Information shown:
* * * * * * * * *

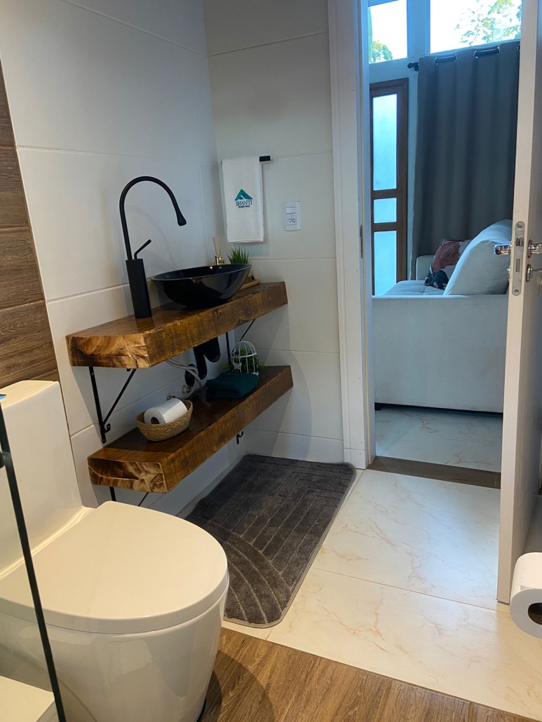 O banheiro é moderno e funcional, garantindo o conforto durante toda a estadia.
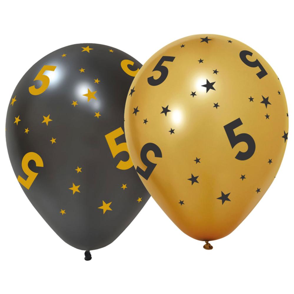 Latexballonger med Stjerner & Tallet 5 6-pakning inneholder seks latexballonger hvorav tre har stjerner og tallet ”5” i svart på gullfarget bakgrunn og de andre tre har samme motiv i motsatte farger.
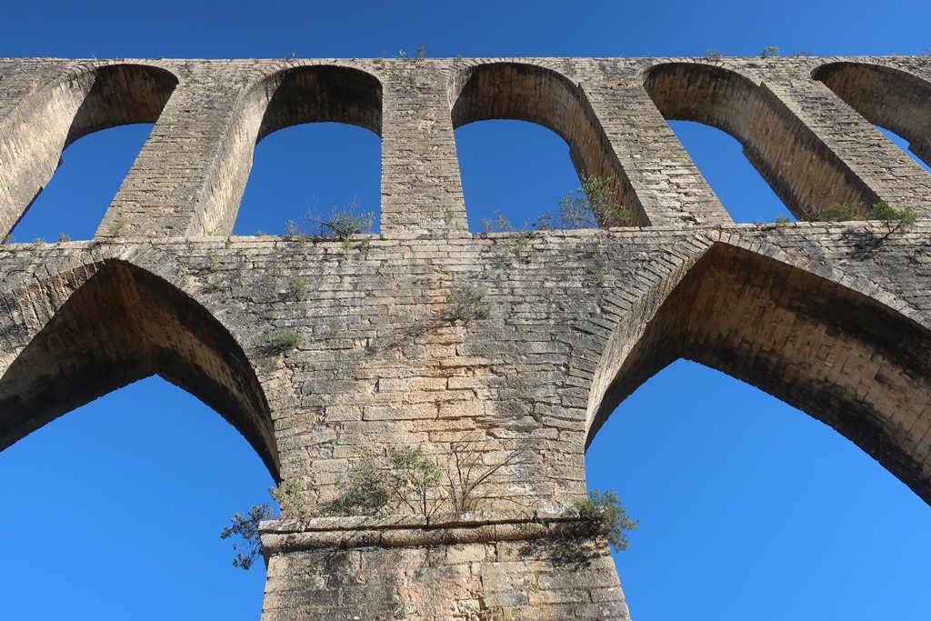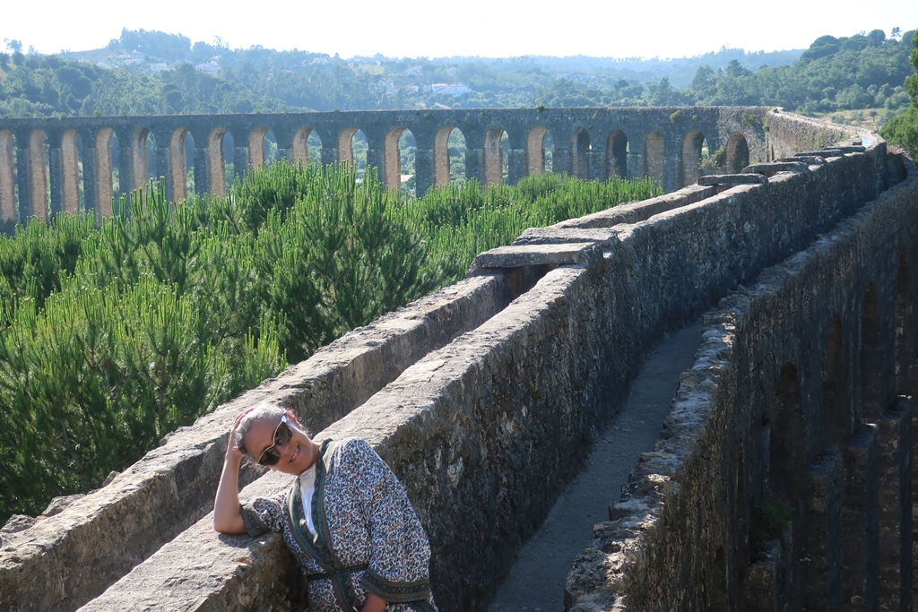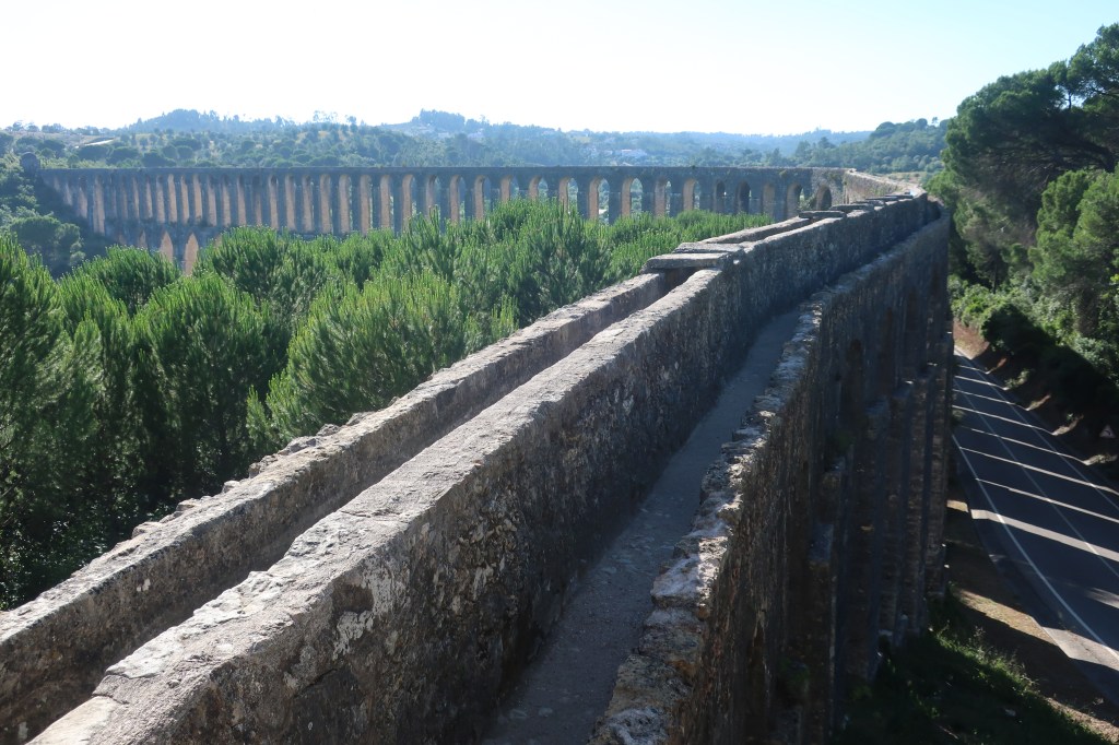 Quando chegámos ao local sentimo-nos diminutos perante algo tão lá no cimo! Foi toca a trepar degraus para iniciarmos o percurso (no sentido contrário ao castelo e convento). Só apetecia ter asas e voar! Foi uma experiência espetacular mas é necessário ser corajosos pois o aqueduto em determinadas zonas não tem proteção, tendo sido necessário ir atentos ” às manobras”. Focando-nos nas perspetivas lindas alcançadas daquela altura, é algo a considerar e não descartar do “pacote”!
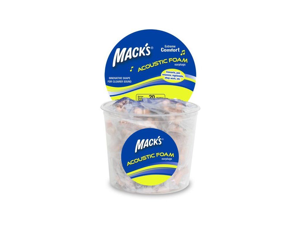 Špunty Mack's Acoustic Foam™ jsou vytvořené tak, aby blokovaly škodlivý hluk a šum a zanechaly pouze čistý hudební zážitek. Jejich inovativní tvar s dutým výřezem zajišťuje jasnější akustiku a umožňuje lepší komunikaci v hlučném prostředí jako jsou bary, nočních kluby, dílny apod.

* * * * * * * * *

What to produce: Range to copy from the listing above: the line with "Latexballonger med Stjerner" through the line with "Quando chegámos ao". Transcribe it exactly and skip the pictures.

Answer section:
 Latexballonger med Stjerner & Tallet 5 6-pakning inneholder seks latexballonger hvorav tre har stjerner og tallet ”5” i svart på gullfarget bakgrunn og de andre tre har samme motiv i motsatte farger.
 Quando chegámos ao local sentimo-nos diminutos perante algo tão lá no cimo! Foi toca a trepar degraus para iniciarmos o percurso (no sentido contrário ao castelo e convento). Só apetecia ter asas e voar! Foi uma experiência espetacular mas é necessário ser corajosos pois o aqueduto em determinadas zonas não tem proteção, tendo sido necessário ir atentos ” às manobras”. Focando-nos nas perspetivas lindas alcançadas daquela altura, é algo a considerar e não descartar do “pacote”!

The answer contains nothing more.